Via NPR, an interview with presidential adviser David Axelrod: Axelrod On H1N1 Vaccines: 'We Overpromised'. Excerpt:
David Axelrod, President Obama's senior adviser, says the administration based its predictions about how many doses of the H1N1 vaccine would be available by mid-October on bad information. Host Scott Simon visited the White House on Friday to ask Axelrod about the criticisms of the government's handling of the H1N1 vaccine, how the administration counted the number of jobs the stimulus is responsible for, and the controversy over the DNC promising donors access to senior officials at the White House.
On H1N1
Scott Simon: On Friday, the president talked about his frustration that H1N1 vaccine hasn't gotten out to more Americans. In August, the Centers for Disease Control said that 120 million doses would be available. They later scaled that back to 45 million. We're speaking today, on the last day of October, 25 million doses reportedly are ready. Did the government overpromise?

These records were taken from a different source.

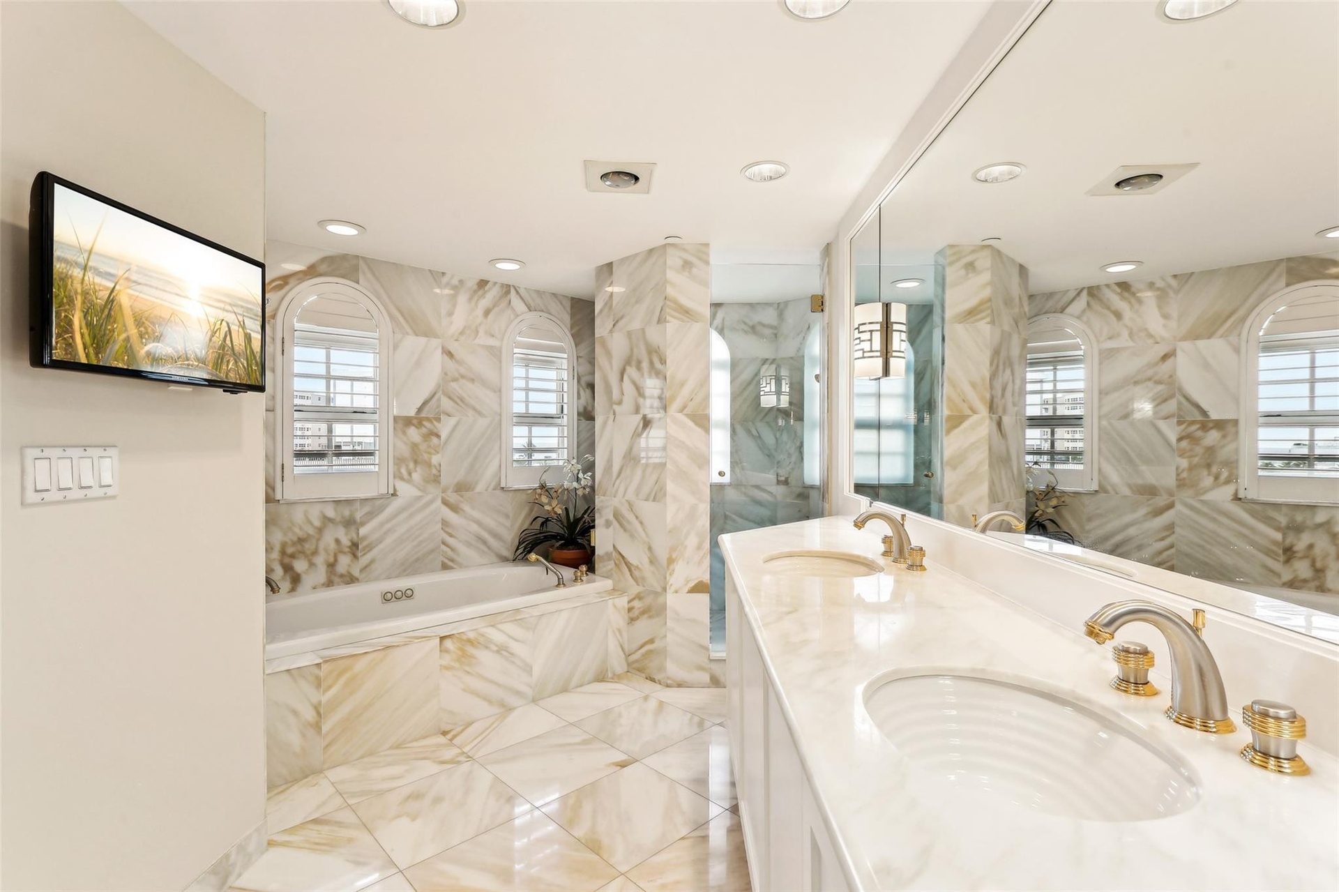 - Primary bath with double sinks done in onyx tile.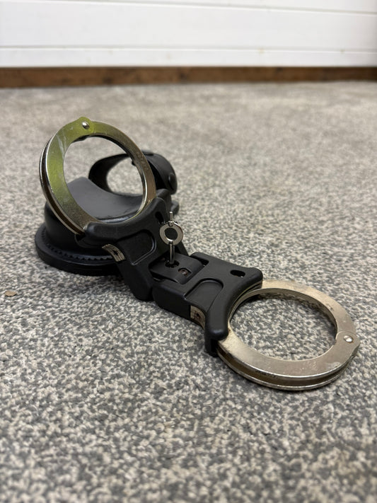 Ex Police Folding Hiatt Handcuffs Hinged Cuffs PSNI Pouch & Key Security Collectible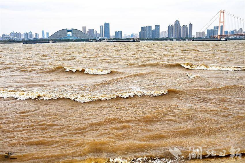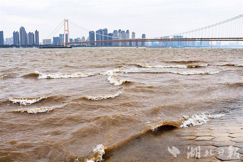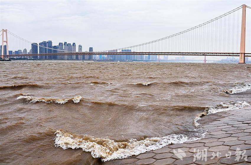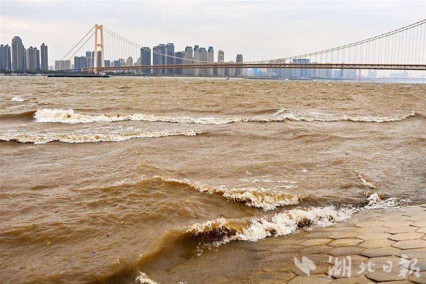 11月17日,武汉正经历今年秋冬首场强寒潮天气,一场大风来袭,杨泗港大桥附近的长江江面浪花滚滚,似海一样壮阔。

David Axelrod: Well, I think the manufacturers overpromised, and what was reported was the representations that were made to us. The fact is that this is a problem that's abating every day. And yes, we thought we would have 40,000 now, we have 26 —
Simon: — Forty million —
Axelrod: — I'm sorry, 40 million. Now we have 26 million. We believe that that is improving on a daily basis, and we're going to have an ample supply in very short order. So yes, we probably did overpromise, and we overpromised on the basis of what was represented to us.